After the second World War, Shostakovich gained further recognition worldwide. He started receiving several invitations to participate in cultural events and music festivals around the globe. He won the International Peace Prize in 1954 and was awarded the State Prize 5 times between 1941 to 1952. He was also chosen as the People's Artist of the USSR during this period. He served as the secretary of the Union of Composers of USSR between 1957-1975. He promoted various talented musicians, namely Boris Tishchenko, Karen Khachaturyan, Georgi Sviridov and Andrei Petrov. 

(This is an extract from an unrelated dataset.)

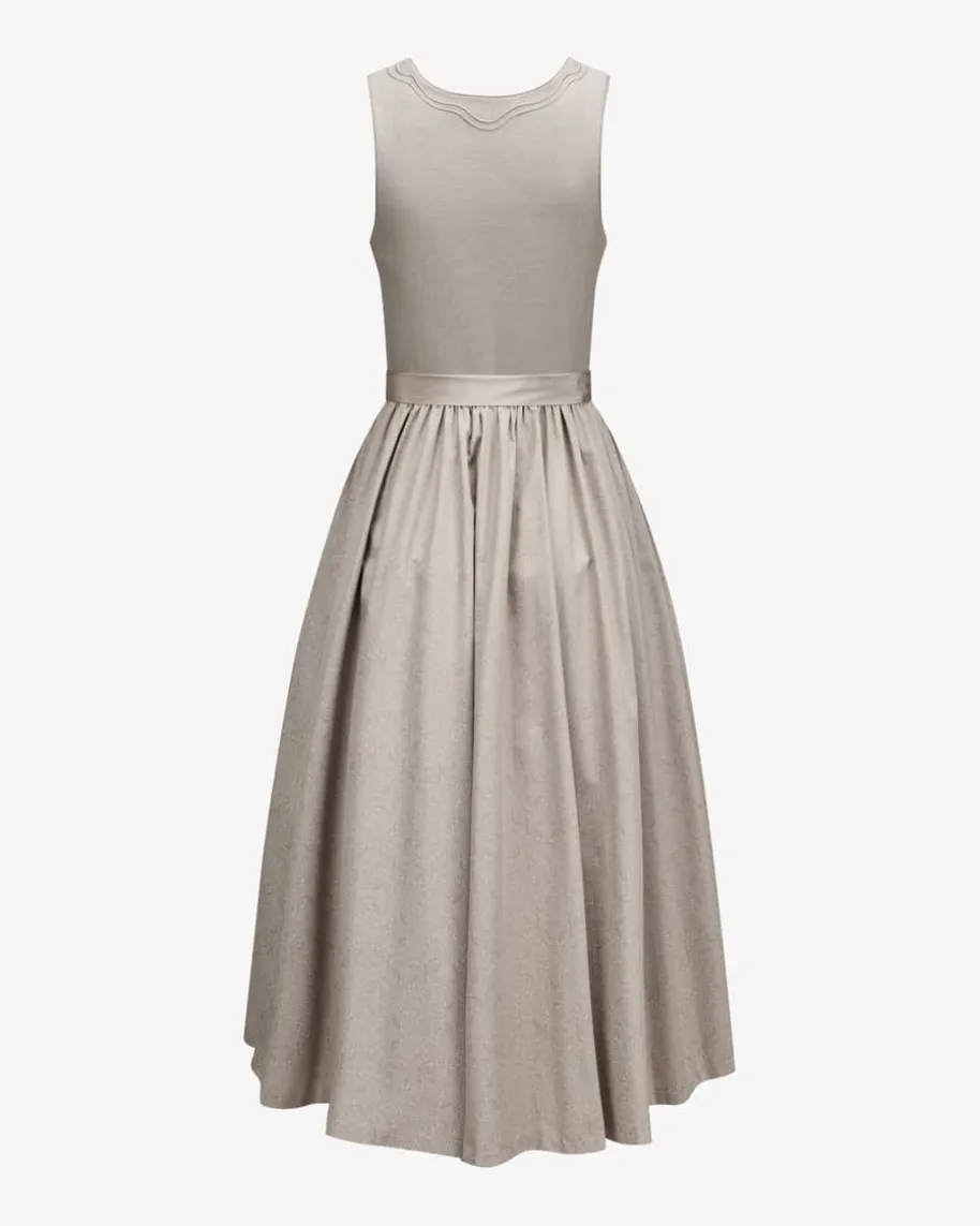 Grace Dirndl lang mit Seidenschürze für Damen von Tostmann in Taupe.Österreichische Traditionsmarke mit eigener Manufaktur – authentisch, zeitlos,hochwertig. Auch dieses Modell besticht mit Mieder in Leinen-Aufmachung, währendder Rock in abstraktem Dessin und die changierende Seidenschürze dentraditionellen Look gekonnt ergänzen.

He collaborated with Evgeniy Evtushenko on a setting of poems by Yevtushenko, creating the famous Symphony No. 13 "Babi Yar.” His best-known film scores include Grigoriy Kozintsev's acclaimed film Hamlet (1964) and 'Suite from The Gadfly' from The Gadfly (1955),

A Polarizing Figure 

He was married four times to three different women, remarrying his first wife after an initial divorce. He had two children, Galina, and Maxim (who became a pianist, continuing the family trend). Shostakovich passed away on August 9th, 1975 while suffering from lung cancer. However, the official eulogy offered a palpable sense of irony, praising him for acquiring his inspirations from the realities of Soviet life. It further hinted how he reasserted his creativity with socialist realism, contributing to a progressive musical heritage. 

A stunningly original composer embroidered with the scars of political intervention, Shostakovich was hailed as one of the greatest composers of the 20th century. His centennial was widely celebrated in 2006. A substantial part of his works had firmly established itself in the standardized repertory of the musical folklore.